Fur shifted and rippled as Czol dragged themself to their feet, huge and hulking, large enough that their shoulders would easily come to chest-height on an average human. They padded over to Rayse – oddly silent on huge, clawed paws – and dipped their head to snuffle at the metal, before rearing up onto their hind legs with a huge effort, muscles rippling.

When they dropped back down, they were human – or humanoid, at least, somewhere behind the golden-yellow eyes, the extra mouth modded onto their throat, the shock of electric blue hair – settling easily on the ground with their legs crossed next to Rayse. "Wow!" they said, quiet but excited, reaching out a hand until it hovered just above the surface of the metal. "That's so cool! The way you just fix yourself up..."

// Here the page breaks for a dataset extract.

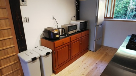 ・キッチン(ガスコンロ2口)、冷凍冷蔵庫(350L)、電子レンジ、炊飯器(一升炊き)、トースター、電気ケトル
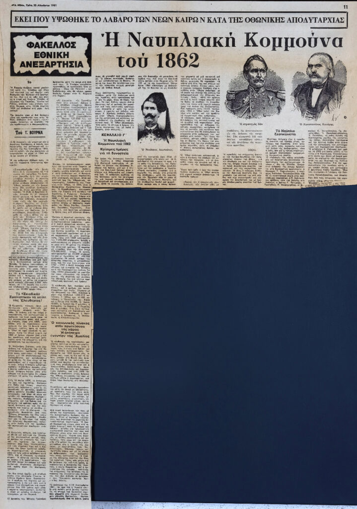 A clipping from the newspaper “Ta Nea”, dated August 25, 1981, featuring a continuation of the ‘s tribute to the Nafplion Commune of 1862. It includes historical data on the uprising in Nafplion.

Foli wrinkled his nose, mouthing _that's so cool_ and pulling a face – only to wince when he looked up to see Rayse staring right at him. “What?” he snapped. “I didn’t say nothing.” Patting at his hip, he scowled when he realised he wasn’t wearing the jeans he’d left his lighter and a crumpled packet of cigarettes in. “God _damn_ it.”

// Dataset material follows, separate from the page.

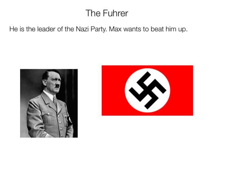He is the leader of the Nazi Party. Max wants to beat him up.

“I sincerely hope you didn’t,” said Rayse, coolly, one eyebrow raised as they stared at Foli and ignored Czol’s curious gaze. “And I wouldn’t,” they added, when Foli made to get off the window ledge and walk over to the duffle bag that held all of his clothes. “Lying and Fuzz will be back soon.”

They all had one – a single bag for all their worldly possessions, their whole life. There was no room for wardrobes and chests of drawers in a room that had to sleep five and serve as a kitchen. There was a table with a camping stove, a kettle, and a microwave on top of it, all plugged into the same overloaded plug socket, and several stained, secondhand mattresses covered in ratty blankets, and their duffle bags.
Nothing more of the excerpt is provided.